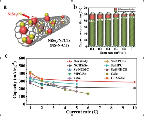 (a)NiSe2/Ni/CT的結(jié)構(gòu)示意圖;(b) 不同掃描速率下Se@NiSe2/Ni/CTs電極電容容量的歸一化貢獻(xiàn)率;(c) Se@NiSe2/Ni/CTs與其他報(bào)道的Na-Se電池材料的比較。
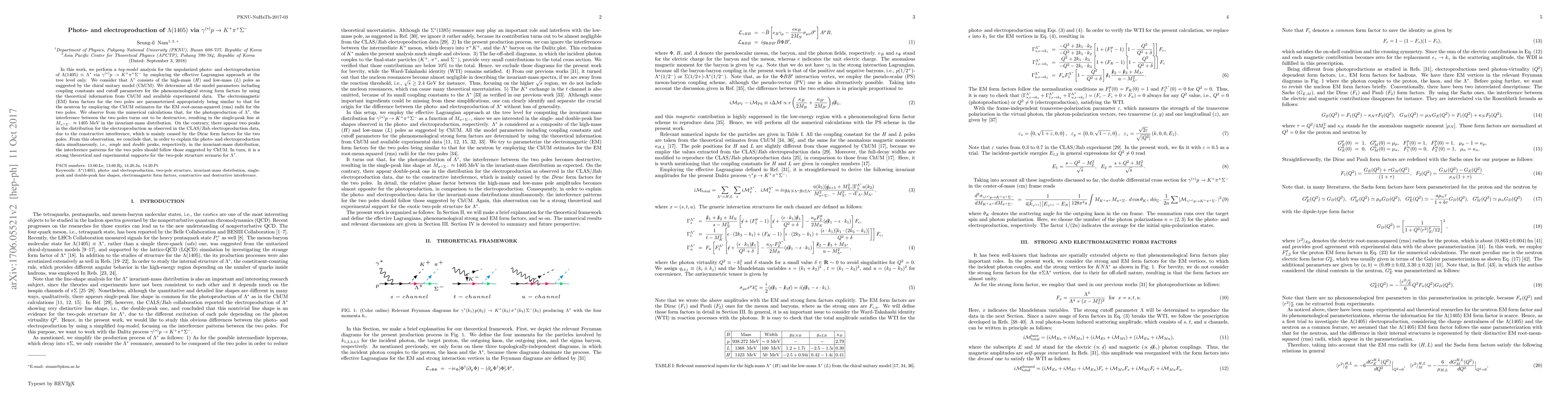 This study uses a simplified model to analyze gamma and e production of Lambda(1405), finding a single peak for gamma and two peaks for e, supporting the two-pole structure of Lambda(1405) suggested by the chiral unitary model.
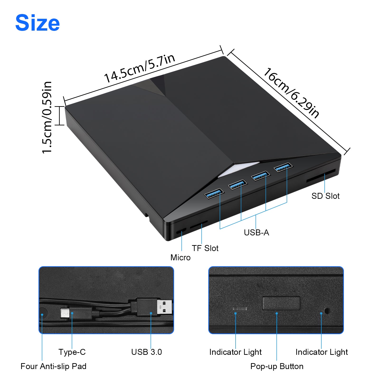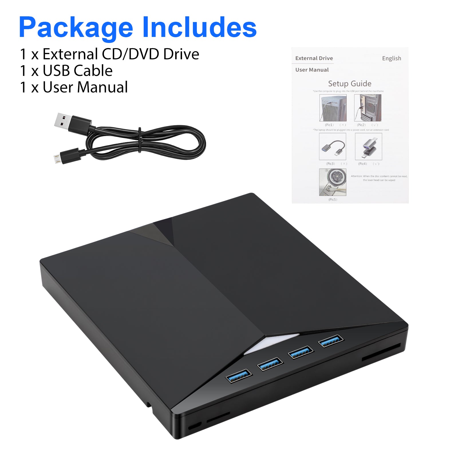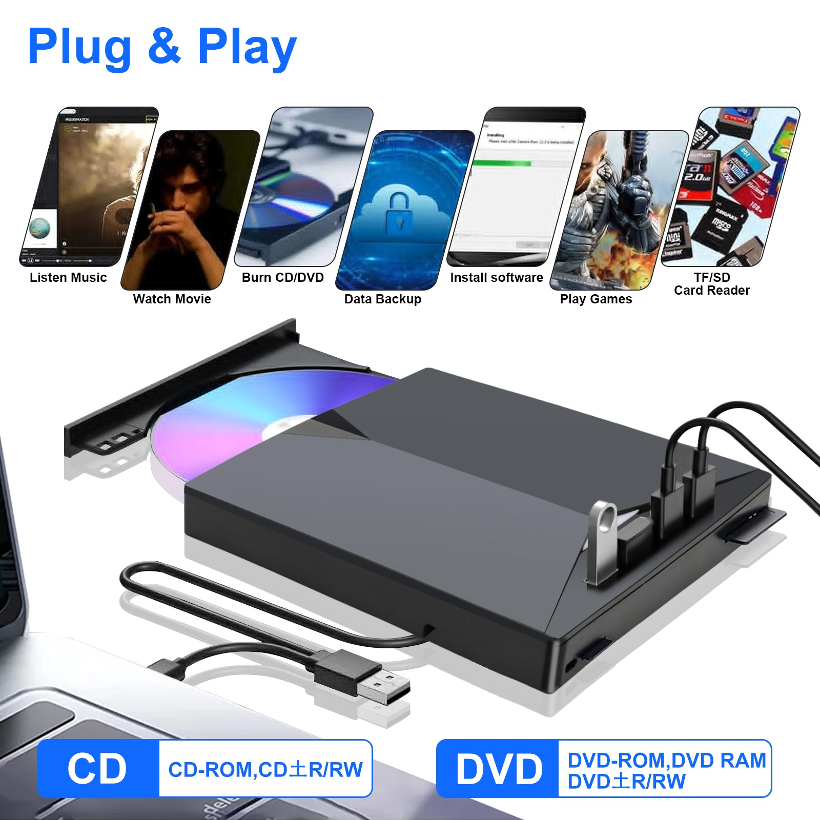 Elevate your digital experience with our versatile 7 IN 1 External DVD Drive, combining cutting-edge functionality with portability and convenience. This plug-and-play optical drive is a must-have for your laptop or desktop PC, offering a range of features that go beyond traditional CD/DVD reading.

- BRIEF:
All of the material above needs to be restated exactly, with no pictures.

- SOLVED EXERCISE:
 (a)NiSe2/Ni/CT的結(jié)構(gòu)示意圖;(b) 不同掃描速率下Se@NiSe2/Ni/CTs電極電容容量的歸一化貢獻(xiàn)率;(c) Se@NiSe2/Ni/CTs與其他報(bào)道的Na-Se電池材料的比較。
 This study uses a simplified model to analyze gamma and e production of Lambda(1405), finding a single peak for gamma and two peaks for e, supporting the two-pole structure of Lambda(1405) suggested by the chiral unitary model.
 Elevate your digital experience with our versatile 7 IN 1 External DVD Drive, combining cutting-edge functionality with portability and convenience. This plug-and-play optical drive is a must-have for your laptop or desktop PC, offering a range of features that go beyond traditional CD/DVD reading.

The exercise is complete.